A Chicory Kiln Becomes a Sustainable Vacation Home With Endless Flexibility

By Lucy Wang
Mobile cabinetry and thoughtful reuse turn a dilapidated industrial structure into a warm and creative home with open-ended possibilities.

With a PhD in ephemeral architecture, a background in fine arts, and a long profession in landscape architecture, Dr. Charles Anderson wears many design hats. So, it was only natural that he and his wife, Tiziana Launech, would want to design and build, rather than buy, their vacation home by the beach.

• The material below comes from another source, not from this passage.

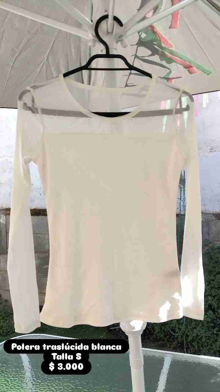 Polera blanca de tela translúcida, ideal para días cálidos. En buen estado, cómoda y fresca.

To flex their creative muscles, the duo purchased a defunct chicory kiln on the northwest side of Australia’s Phillip Island to serve as the base structure for their new home. The decayed building was one of the many kilns that dot the island—relics of a bygone chicory farming industry.

Set next to protected wetlands and close to the beach, House for Hermes is located about 90 minutes south of Melbourne.

After spending years preparing the decrepit structure for renovation and drafting designs, the couple asked their longtime friend Andrew Simpson, principal at Andrew Simpson Architects, to help convert the heritage-listed building into a welcoming and sustainable home on a budget of less than $280 per square foot.

The converted kiln is one of three buildings on the large coastal property. In addition to the main house, there is the Coldon Home (a guest house and artist studio) and Setters Cottage (a sewing studio).

"The site location had a significant impact on the material choices for the project, as the exterior had to be able to withstand harsh coastal weather," says Simpson. "The architectural response to this history is also evident through the use of raw materials such as recycled timber, shotcrete, stainless steel bench tops, galvanized steel sheet canopies, and steel and stainless steel stair balustrades—all used to celebrate this local industrial and rural history."

Due to the harsh coastal climate, it was important that the house be clad in durable materials. The exterior consists of shotcrete sheathed in salvaged western red cedar weatherboards.

The vacation home also pays homage to one of Anderson’s artworks named A House for Hermes #1: The House of My Father, a 1,076-square-foot installation made of plywood panels etched with digitally overlaid drawings by Anderson’s father of the different houses where Anderson had lived. The piece explores ideas of dwelling and transition, and it was exhibited at Tarrawarra Museum in 2007.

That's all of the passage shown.